When such a VM is accessed with ssh, using it doesn’t differ much from using a machine owned by the client: they can install programs, start http servers, run compute in the background, etc.

EC2 usage is flexibly billed accordint to the time the machine is on, plus some charges for persistent (non-expiring on shutdown of the VM system) storage.

This type of services allowing low-level control over a server’s infrastructure are called Infrastructure-as-a-Service (IaaS).

Idea behind PaaS

EC2 is very flexible: it allows users to do everything they can imagine with the rented machine1. This flexibility comes with a cost: setting everything up can be a lot of work.

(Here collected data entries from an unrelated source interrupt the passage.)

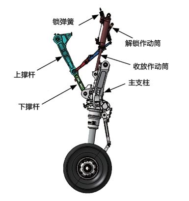 起落架收起时,解锁作动筒供压克服锁弹簧/气压的作用使下位锁解锁,收放作动筒收缩驱动起落架主支柱绕转轴旋转收起,撑杆和锁杆随动折叠,当运动到位时,起落架锁柱撞击上位锁锁钩,完成起落架收起锁定。起落架放下时,上位锁解锁,起落架主支柱在收放作动筒和重力的作用下沿转轴转动放下,当接近放下锁定位置时,锁杆在锁弹簧/气压的作用下完成放下锁定。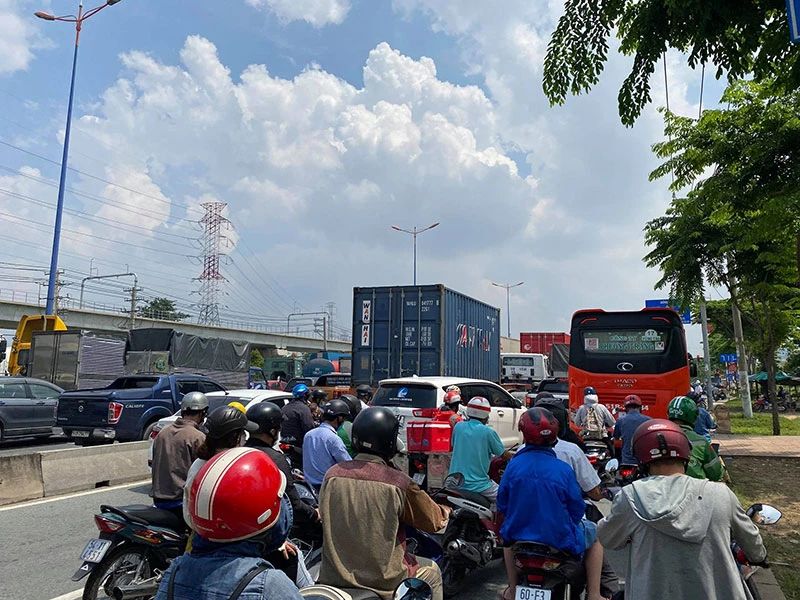 Vào giờ cao điểm, dọc xa lộ Hà Nội, ngã tư Bình Thái, ngã tư MK, đường số 1 và số 2 luôn có rất nhiều xe tải, xe container lưu thông, gây kẹt cứng.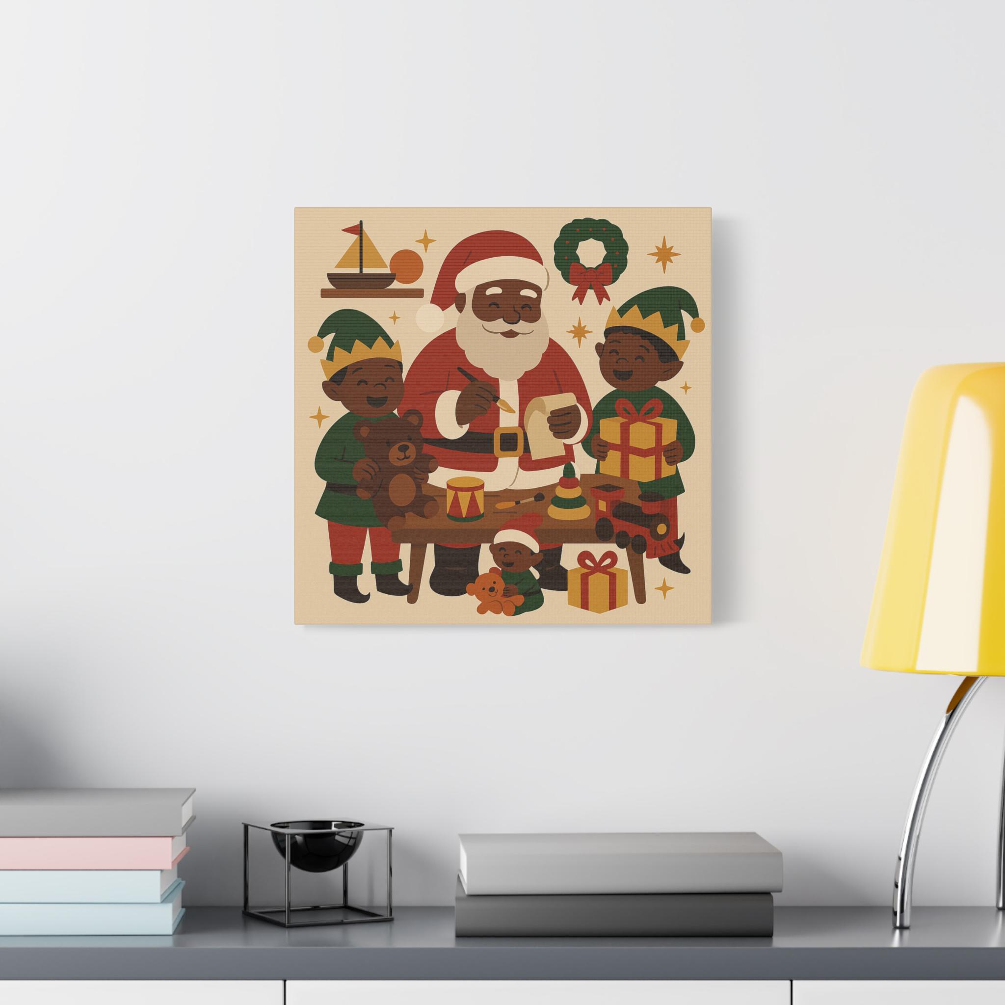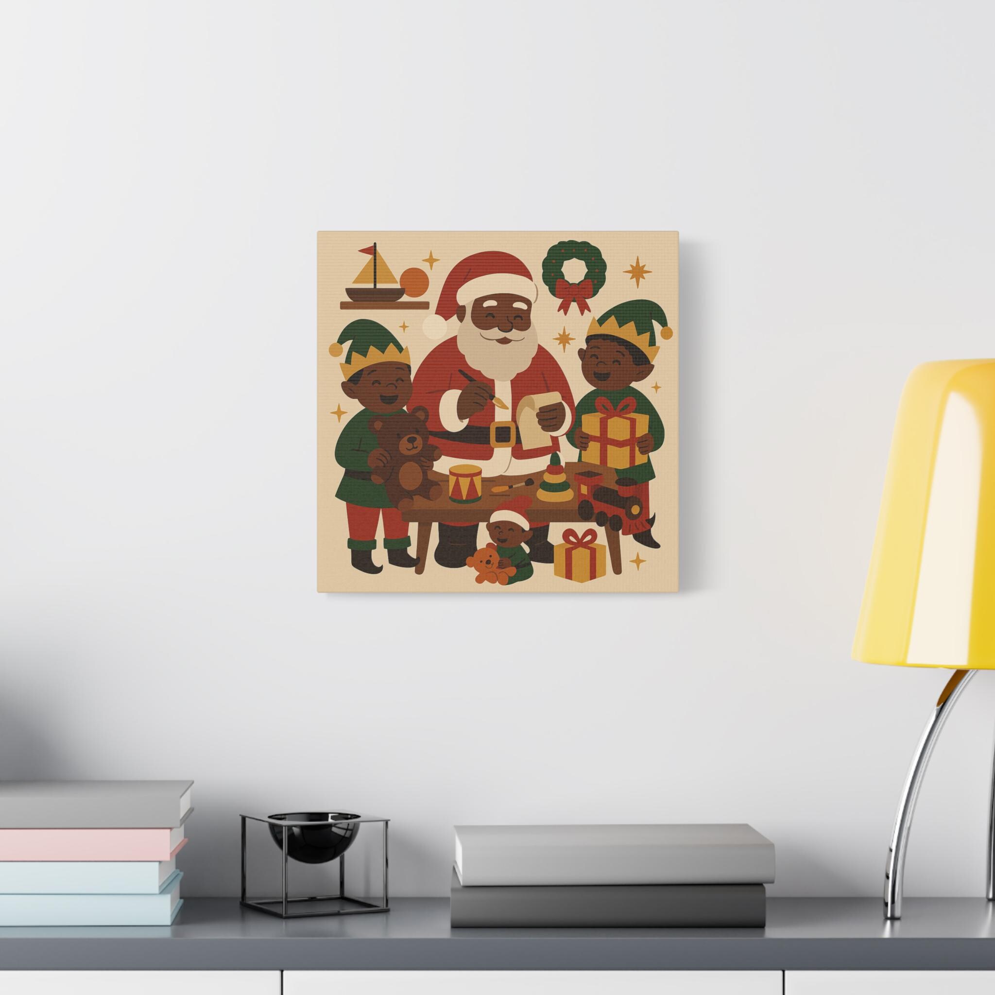 Capture the whimsical charm of Santa's toy shop with this matte canvas print. Perfect for adding a festive touch to your holiday decor or gifting to someone who loves Christmas. Ideal for those who appreciate sustainable and high-quality art.

If someone wants to have a database, they’ll have to install and manage it themselves; same with http server, port forwarding, etc.

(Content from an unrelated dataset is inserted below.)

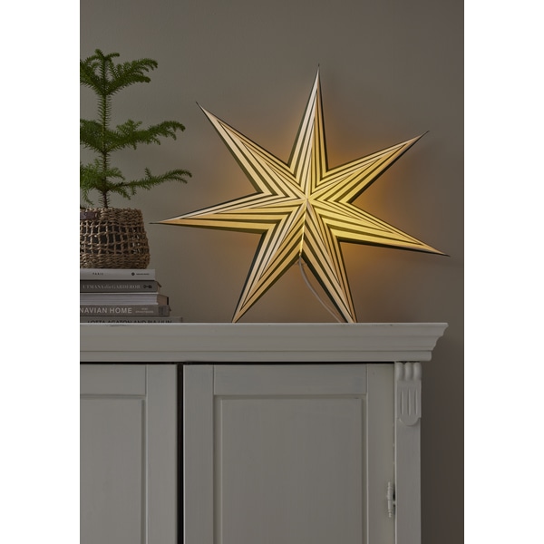 Stjernen leveres uden lyskilder og er ikke udstyret med funktioner som timer, sensor, sne eller musik, hvilket understreger dens enkle og klassiske design. Den er nem at folde ud og hænge op og bidrager til en festlig stemning i hjemmet.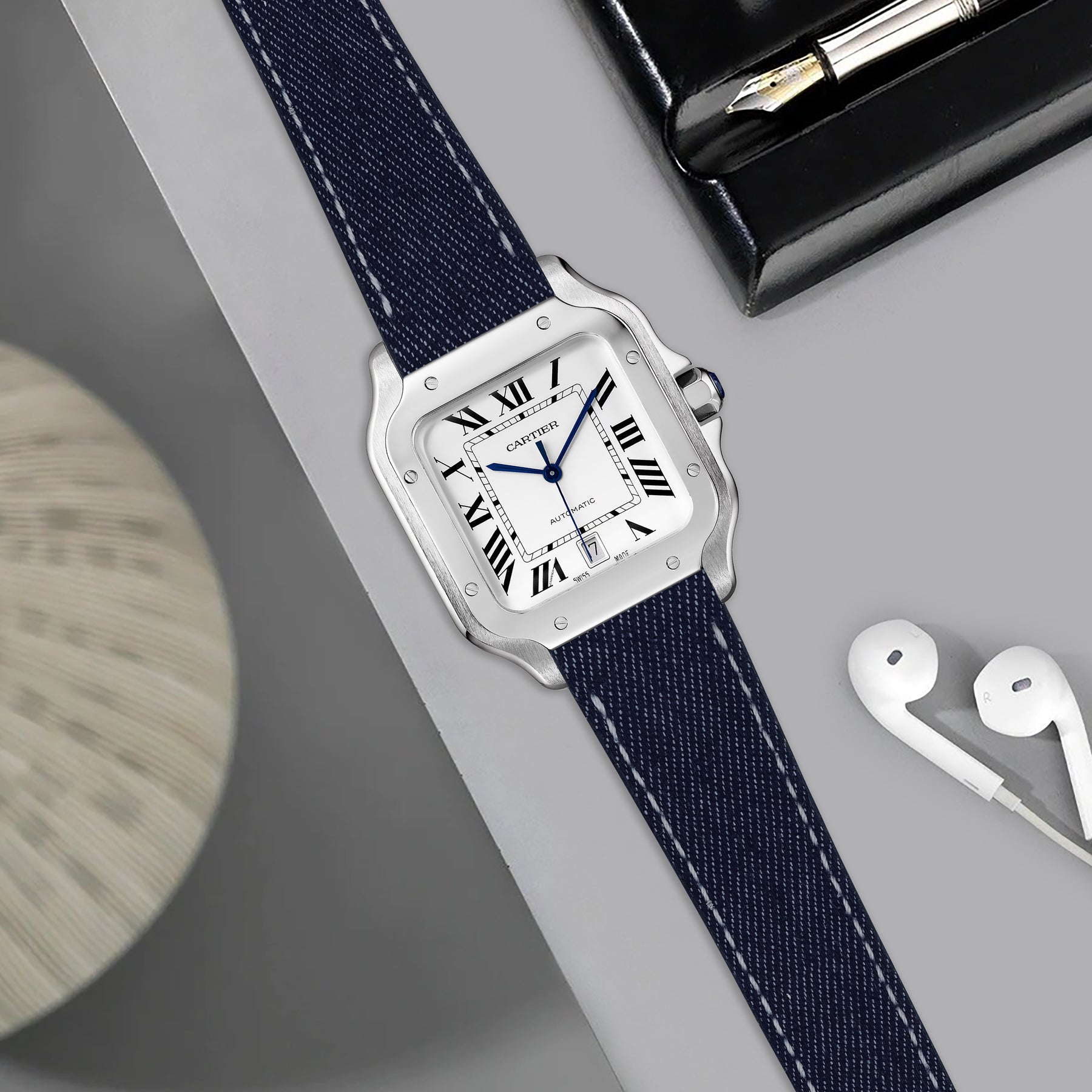Cartier New Santos Quick Release Straps - Denim New Ink

One particularly painful issue with using EC2 is the problem of scaling: when your website starts to get more requests, you likely want to request more compute resources to spread the additional load. On the other hand, if your EC2 is not being fully utilized, you may want to temporarily shut it down to avoid paying for the compute that you’re not using.

Doing this manually is a lot of work, and one of the value propositions behind cloud services is to automate that work.

One answer to the scalability issue is provided through Platform-as-a-Service, with heroku and AWS Elastic Beanstalk being popular examples of such services.

Their offer consists of taking care of managing the servers at the level of applications in the operating system: the client is uploading the code, requests whether they need a database, etc. and the platform sets up the actual (virtual) machine, its OS, and takes care of deploying client’s code.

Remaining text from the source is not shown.